Edwin Oscar Hall (1810–1883) was a businessman who was appointed Minister of Finance by Kamehameha III, serving in that capacity for one year. He was subsequently appointed Minister of the Interior of the Kingdom of Hawaii on January 10, 1873, by King Lunalilo. After Lunalilo's death, he remained in the position until Kalākaua replaced him on February 17, 1874, with Hermann A. Widemann.

==Hawaii missionary==
Born in 1810 at Walpole, New Hampshire, Edwin Hall was educated at Canandaigua Academy, New York, and trained for the printing trade in Detroit and New York City. Hall and his wife Sarah Lyons Williams were part of the Seventh Company of missionaries sent to the Kingdom of Hawaii by the American Board of Commissioners for Foreign Missions. On December 5, 1834, one month after their marriage, the couple sailed out of Boston for Hawaii, then known as the "Sandwich Islands", on the merchant ship Hellespont, docking in Honolulu Harbor on June 6, 1835. Also on board were bookbinder Henry Dimond and his wife, school teachers Lydia Brown and Elizabeth M. Hitchcock, and missionary Rev. Titus Coan and his wife. Hall, Dimond and the teachers were secular missionaries, rather than ordained ministers. Hitchcock was a sister to missionary Rev. Harvey Rexford Hitchcock on Molokai. On their June 6, 1835 arrival, the Halls were stationed in Honolulu.

==Businessman==
After serving with the mission board for 15 years, Hall took over the editorial duties of the secular Honolulu newspaper The Polynesian. He soon formed his own mercantile business.

==Cabinet officer==
Kamehameha III appointed Hall as temporary Minister of Finance in 1849, serving a one-year period in between two periods of service by Gerrit P. Judd.

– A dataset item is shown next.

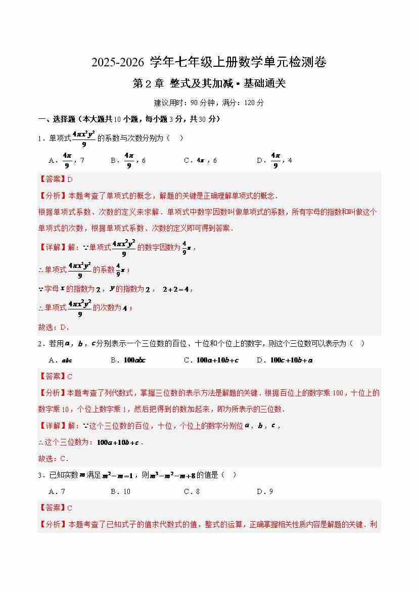 首页 > 全部 > 单元测试 > 七上数学第2章 整式及其加减测试·基础卷(教师版)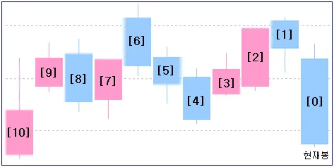 현재봉(기준봉)으로부터 몇 번째 과거 봉인지를 세어서 대괄호 안에 넣어주면 됩니다.

In 1873, Hall was appointed Minister of the Interior by King Lunalilo. Upon Lunalilo's death, King Kalākaua formed his own cabinet, and Hall was replaced by Hermann A. Widemann on February 17, 1874.

==Death==
Hall and his first wife had four children, including Cornelia Hall Jones. On her death, he married Mary Lyon Dame in 1878 in Pennsylvania. Hall died September 19, 1883, in Falmouth, Maine, but was buried in Honolulu.